PROBLEM DESCRIPTION
Retype word for word the first line of the listing and each line after it up to the line with "Style:Casual,Vintage Type:Shirt,Wrap Material:Polyester", with the pictures taken out.

DATA SEGMENT
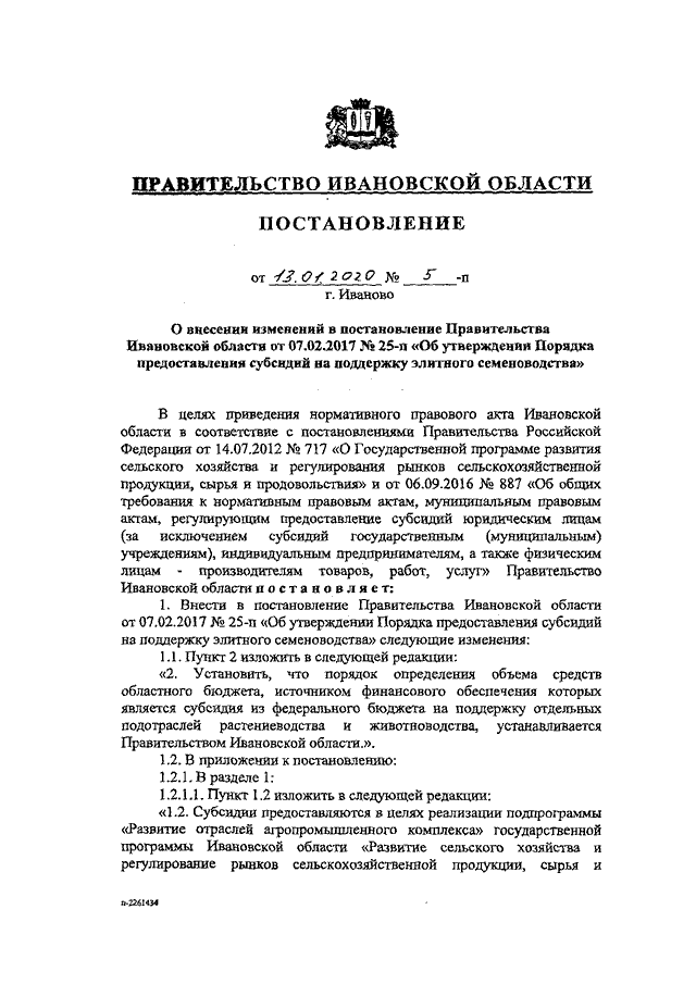 Постановление Правительства Ивановской области от 13.01.2020 N 5-п "О внесении изменений в постановление Правительства Ивановской области от 07.02.2017 N 25-п "Об утверждении Порядка предоставления субсидий на поддержку элитного семеноводства"
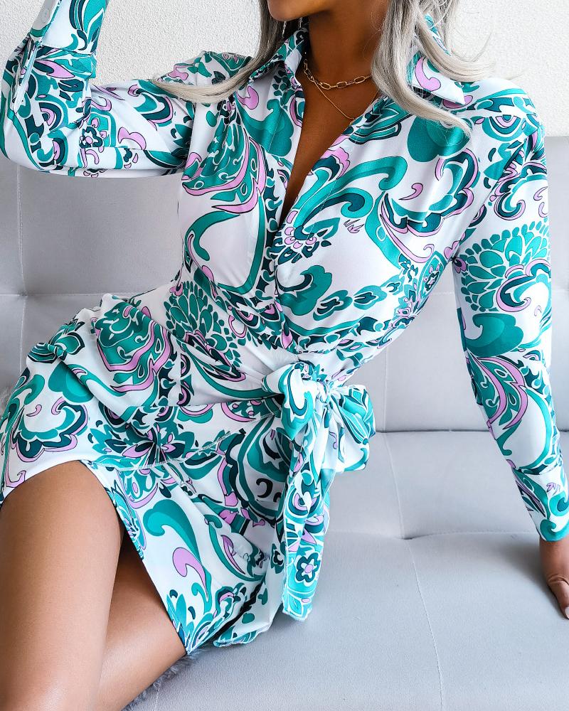 Style:Casual,Vintage Type:Shirt,Wrap Material:Polyester Neckline:Turn-down Collar Sleeve Style:Long Sleeve Length:Mini Pattern Type:Baroque Decoration:Tied Detail Fit Type:Regular Occasion:Daily Package Include:1* Dress
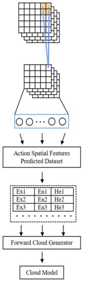STCNN-MCM consists of the following main steps. 1. , m frames of data as the input of STCNN to predict the action features of frames. 2. n predictions are made, and the prediction results for a total of n frames together form the set of prediction results as the action features for the next moment. 3. Cloud transformation is used to convert the motion features in the prediction-result set into numerical features of clouds. 4. The affiliation degree scores calculated from all the predicted motion results obtained from each cloud to determine the attribution of each prediction result to the cloud. 5. For each prediction result set, the forward cloud generator is used to generate the same number of cloud drops to construct a multidimensional cloud model. 6. The multidimensional cloud model constructed from the predicted dataset is compared with the multidimensional cloud model constructed from the real action data to obtain the probability of the predicted motion position in the real action. The construction process of the multidimensional cloud model for predicting actions is shown in Figure 10.

TASK SOLUTION
 Постановление Правительства Ивановской области от 13.01.2020 N 5-п "О внесении изменений в постановление Правительства Ивановской области от 07.02.2017 N 25-п "Об утверждении Порядка предоставления субсидий на поддержку элитного семеноводства"
 Style:Casual,Vintage Type:Shirt,Wrap Material:Polyester Neckline:Turn-down Collar Sleeve Style:Long Sleeve Length:Mini Pattern Type:Baroque Decoration:Tied Detail Fit Type:Regular Occasion:Daily Package Include:1* Dress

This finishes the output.